To defend academic freedom is to defend the production and transmission of knowledge—the pursuit of truth—as a necessarily critical, open, unending process conducted with a certain discipline and rigor. John Dewey maintained that academic freedom must protect scholars whose work challenged “habits and modes of life to which people have accustomed themselves and with which the worth of life is bound up.” Critique is implicit in that comment. . . . But it’s not enough anymore to praise critical thinking as the teaching mission of the university and to call for academic freedom to protect it. We need to be defending the covenant upon which academic freedom rests: the importance of knowledge for the common good. Academic freedom is, after all, the privilege and protection afforded to scholars whose critical research and teaching lead to better and more just policies and laws, and to the training of a democratic citizenry able to know the difference between charlatans and serious leaders. The fight for academic freedom, therefore, cannot take place on the grounds of that freedom alone; without a concept of the common good, as Dewey and his fellow Progressives articulated it, academic freedom will not survive.

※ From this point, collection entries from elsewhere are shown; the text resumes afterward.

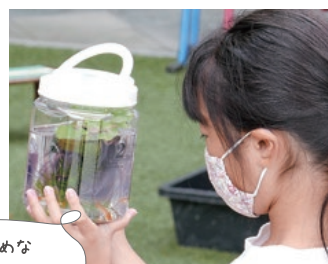
こまめな 水換えが大切
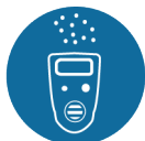
Gassignaleringsapparatuur met akoestisch en optisch signaal
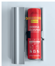
Design-Mantel inkl. Wandhalterung (ohne Dose):
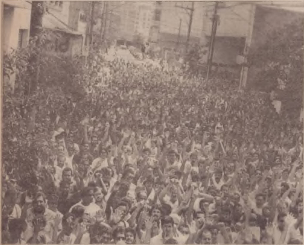
Assembléia de 4 de abril que discutiu o acordo

principal ainda está para ser discutida, disputada e acordada - na retomada das negociações que já está prevista para a primeira semana de abril.
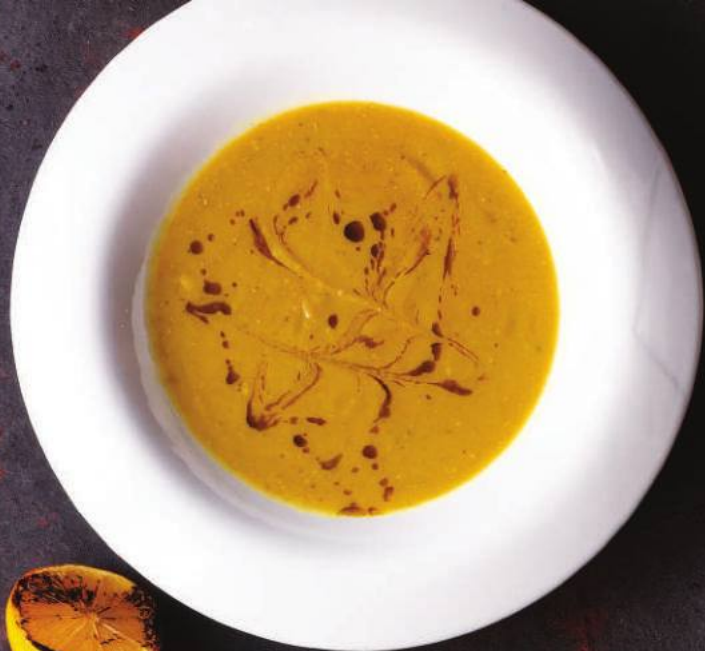
ЧЕЧЕВИЧНЫЙ СУП 35,000 СУМ
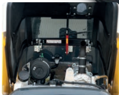
Accès facile aux points de maintenance quotidienne

La maintenance quotidienne et les contrôles de routine peuvent être réalisés en ouvrant très simplement le capot arrière. En outre, l'ouverture du capot arrière permet à l'utilisateur d'accéder aux radiateurs, qui peuvent être inclinés pour les nettoyer. Ensuite, pour les opérations de maintenance particulières, la cabine inclinable offre un accès complet à la transmission et aux principaux composants du système hydraulique. L'adoption de bagues auto-lubrifiantes spécifiques a permis d'augmenter l'intervalle de lubrification à 250 heures pour toutes les chargeuses.
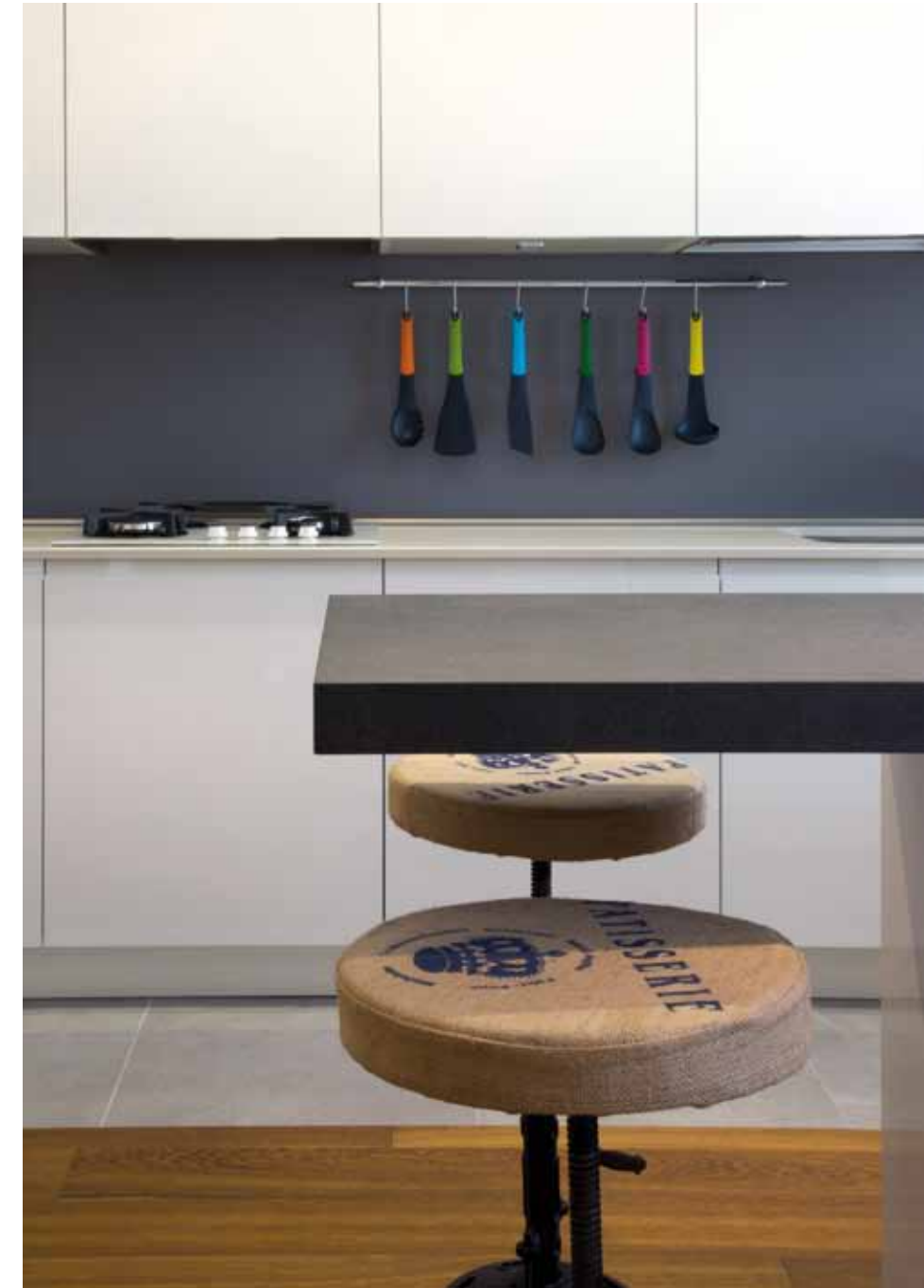
Vista della cucina, con il blocco penisola con piano a sbalzo destinato alla colazione, accompagnato da splendidi sgabelli vintage. Il rivestimento è uniformemente in cristallo bianco extrachiario. Alla finestra una deliziosa tenda a pacchetto con aste in tessuto, coordinata ai drappaggi del living (Stil-Art).

. . . The common good will not survive—and for that matter neither will individuals survive—without medical knowledge, knowledge of climate change, knowledge of history, knowledge of how structures of discrimination work at the economic, social, political, and psychic levels to perpetuate inequalities of race, gender, sex, and religion. It is academic freedom that protects the production and dissemination of that knowledge. It is that knowledge that nourishes and advances the common good. The future of the common good and of academic freedom are bound up together; the one cannot survive without the other. It is up to us to ensure their joint survival.